Biblical Jacob is unknown outside the Bible, although the general congruence of the patriarchal narratives with customs and artifacts known from archaeology to belong to the 2d millennium (especially the material from Nuzi and Mari) has sometimes been used to support his historicity. Later scrutiny called much of that argument into question (Van Seters 1975; Thompson 1974) on the grounds that the alleged parallels were inexact or unrepresentative, or had been misunderstood. For example, the claim that possession of household idols (Gen 31:19) helped constitute the family of Jacob as a legitimate clan has been given up (Selman 1980: 110). Some writers have refused even to attempt historical reconstructions (HAIJ, 79). Where historical questions remain open, Jacob has been dated to the 1900s b.c.e. (Bimson 1980: 84), and a number of extrabiblical customs are seen to retain their pertinence (Selman 1980: 125–229; see also Morrison 1983).
Until recently, critical scholarship assumed that the documentary hypothesis was a key to understanding the Jacob material, namely, strands of J and E with later additions or redaction by P (Van Seters 1975 dates J to the Exile rather than to the time of Solomon; CMHE, 293–325, and Hendel 1987 hold to the early oral-epic origin of J E, enlarged and ordered by P late in the Exile). Noth had postulated an East-Jordan Jacob and a West-Jordan Jacob, the latter stories being secondary and less interesting (HPT, 89ff.). Farmer (1978) approaches the story as folklore, focusing on how trickster figures such as Jacob and Samson, operating from a position of weakness, trick others or are themselves tricked. Oden (1983) employs data from the field of anthropology.

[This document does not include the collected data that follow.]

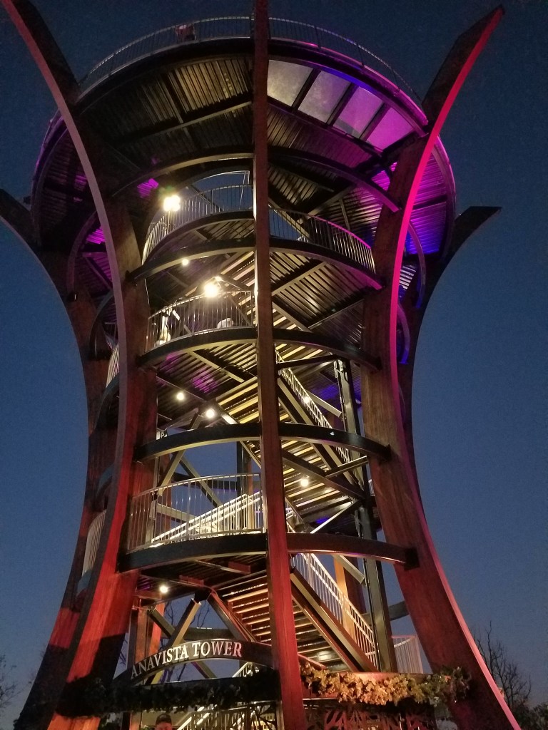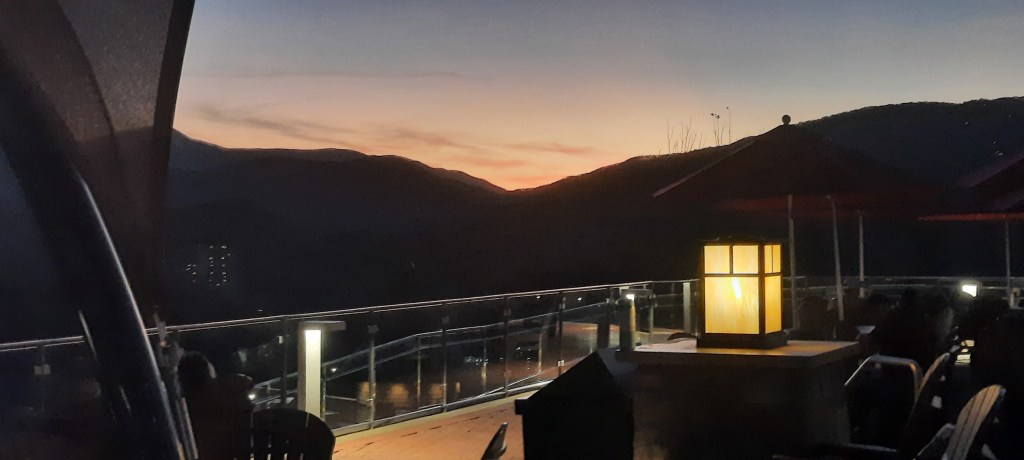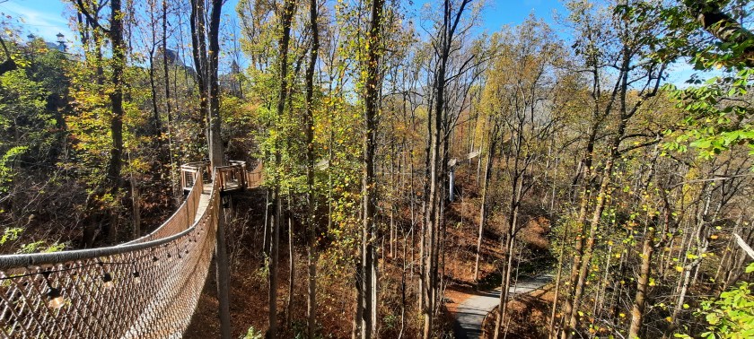 On Monday morning we drove to Gatlinburg. Our hotel was perfectly located for walking to our main attraction, Anakeesta, and just across the street from the parkway strip of tacky souvenir shops interspersed with moonshine tastings, wine and cider tastings, and restaurants. The Trump Superstore, loaded with fightfightfight shirts and hats, with its storefront a giant thumbs-up Trump, looms over the nearby jason aldean bar…
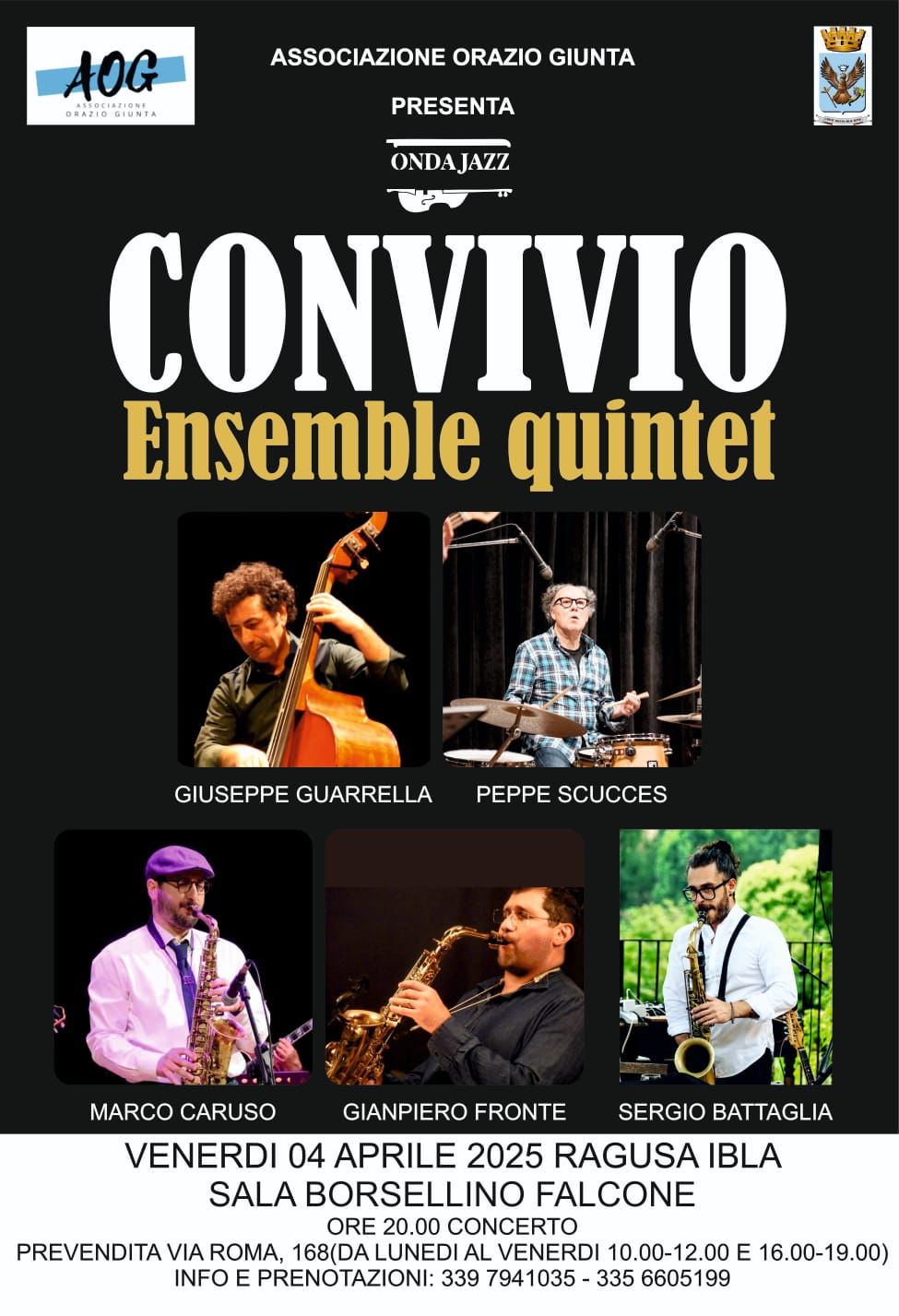 Associazione Orazio Giunta presenta "Convivio Ensemble Quintet". Gli ospiti saranno: Giuseppe Guarrella, Peppe Scucces, Marco Caruso, Gianpiero Fronte e Sergio Battaglia. L'evento si terrà venerdì 4 Aprile 2025 presso Ragusa Ibla, nella sala Borsellino Falcone alle ore 20:00. La prevendita è disponibile in via Roma 168 (da lunedì al venerdì 10:00-12:00 e 16:00-19:00). Per info
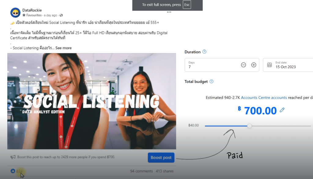 - เราไม่สามารถแยกระหว่าง Organic vs. Paid ได้ นอกจากเราจะเป็นเจ้าของ Page/ Channel นั้นๆถึงจะรู้ว่าโพสต์ไหนบ้างใช้เงินอัดโฆษณา
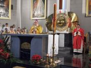 Przed homilią ksiądz proboszcz Jan Zając poprosił księdza biskupa o udzielenie 43-stu młodym osobom sakramentu bierzmowania. W wygłoszonej homilii ks. bp. Krzysztof Nitkiewicz przypomniał młodzieży kim był św. Wojciech, którego Kościół w Polsce uznaje za jednego ze swoich głównych patronów. Ksiądz biskup mówił do młodych, że św. Wojciech uczy nas tego, abyśmy potrafili się poświęcić. Żebyśmy dali z siebie wszystko. Żebyśmy nie żyli tylko dla siebie ale żebyśmy potrafili żyć dla Pana Boga i innego człowieka.

Meanwhile a plethora of holistic literary treatments have appeared, based on a reassessment of the form and style of “narrative” (Frei 1974; Alter 1981) and reflecting a fundamental hermeneutic shift. In general, this approach does not deny the composite character of the Jacob material, but downplays the cycle’s prehistory in favor of questions of meaning, and it sets aside historical questions as inappropriate to the material (Fokkelman 1975; Clines 1978; Buss 1979; Thompson 1987). Such is the general perspective of the present article, which is more about the Jacob cycle than about Jacob and is literary rather than biographical in method.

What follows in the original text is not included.